So it was only a matter of time before the national grocer expanded its dine-in seating, as have other retailers around the country. The National Restaurant Association says such dine-in areas will take in $25.1 billion in 2007.

The Whole Foods store at 7400 E. Hampden Ave., for instance, has scattered more café tables and bar seating around its food bar to accommodate all of the diners who want to eat first and shop later.

Many of the diners are girlfriends on Saturday afternoon shopping trips, or moms with children who want to satisfy the hunger monster before wandering the aisles. There are a few singles here and there, and even a business person or two.

Remember, ambience is not on the menu here; it’s all about convenience.

You can pile on the salad ingredients from one of the most extensive salad bars I’ve visited, sample the curried potato salad, chicken wings or artichoke fritters. Numerous items, including new offerings every so often, are priced at $7.99 per pound.

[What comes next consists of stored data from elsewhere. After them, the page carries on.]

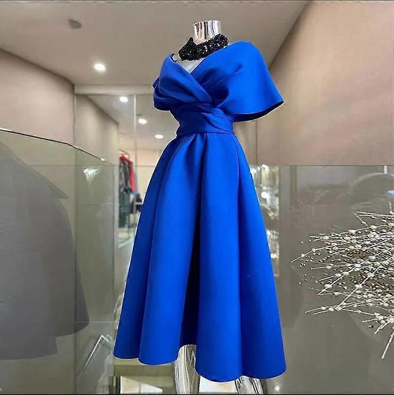 Satin Tea Length Evening Dress For Wedding Off Shoulder Simple Formal Prom Gowns
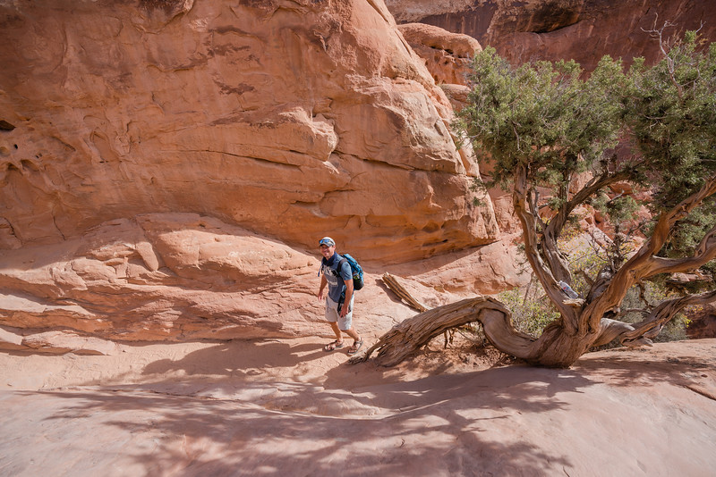 Strolling alongside the fin canyon on our strategy to Double O Arch
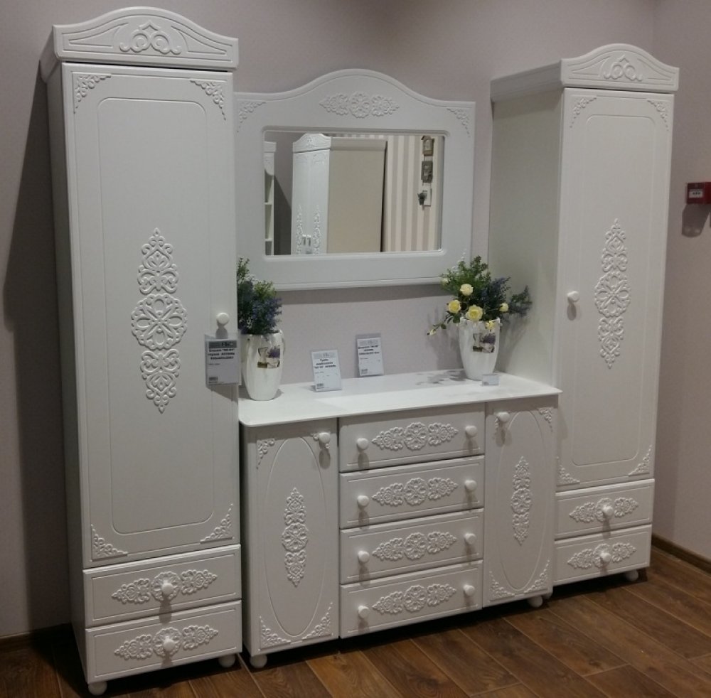 Мебель Белль от производителя Санти-Мебель выполнена в аристократическом цвете белое дерево. Оригинальный объемный 3D узорпридает комплекту Белль роскошный вид, при этом цена остается доступной. Большое количество предметов, которые входят в комплект Белль позволят создать подходящий именно Вам по размер детскую или подростковую, а также можно создать спальню или гостинную.

Tasting a little bit of everything is just one of the benefits of eating in. You’re also paying for the retailer’s reputation for providing healthy, fresh food. While meat and fish are plentiful, vegetable selections also are numerous.

The teriyaki chicken was tender and flavorful. A huge slice of pizza is $2.50 for everything from pepperoni to bacon/blue cheese. And those artichoke fritters? Just lemony enough for added zest and so good I bought two more to bring home. One of my favorite items is the curried potato and pea pockets. The spicy filling is held together by a light dough, wrapped burrito-style.

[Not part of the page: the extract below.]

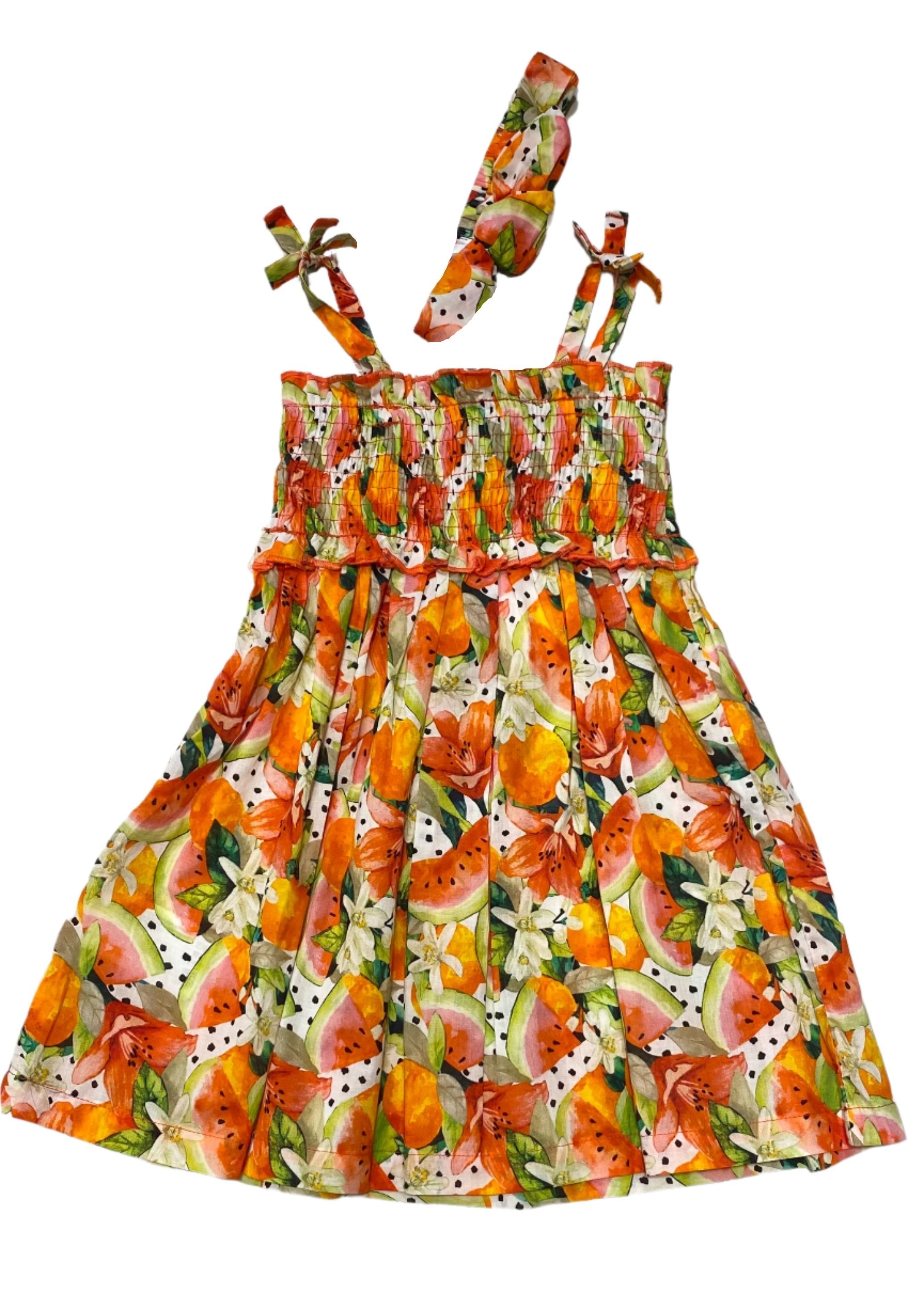 Adorable, soft, casual girl dress. All over printed with watermelon and its flower. Elasticated on the chest, has a spaghetti strap, finished with a matching headband.

Bistro meals – meat and two sides of your choice – are $8.99 for chicken or $9.99 for beef or seafood. The roast chicken was bathed in a light, peppery coating and was fall- off-the-bones perfect. Vegetable side choices are numerous: the roasted, sesame asparagus was excellent, though the grilled squash and peppers were a bit lackluster.

Much of the food is offered cold, including the chicken wings and curried potato salad. The warming tables could be kept at a higher temperature, since by the time you make your selections, pay and find a table, the plated food has cooled considerably. Fast food or not, most people still like “hot” food to be just that.

Staff writer Cynthia Pasquale can be reached at 303-954-1722 or at cpasquale@denverpost.com.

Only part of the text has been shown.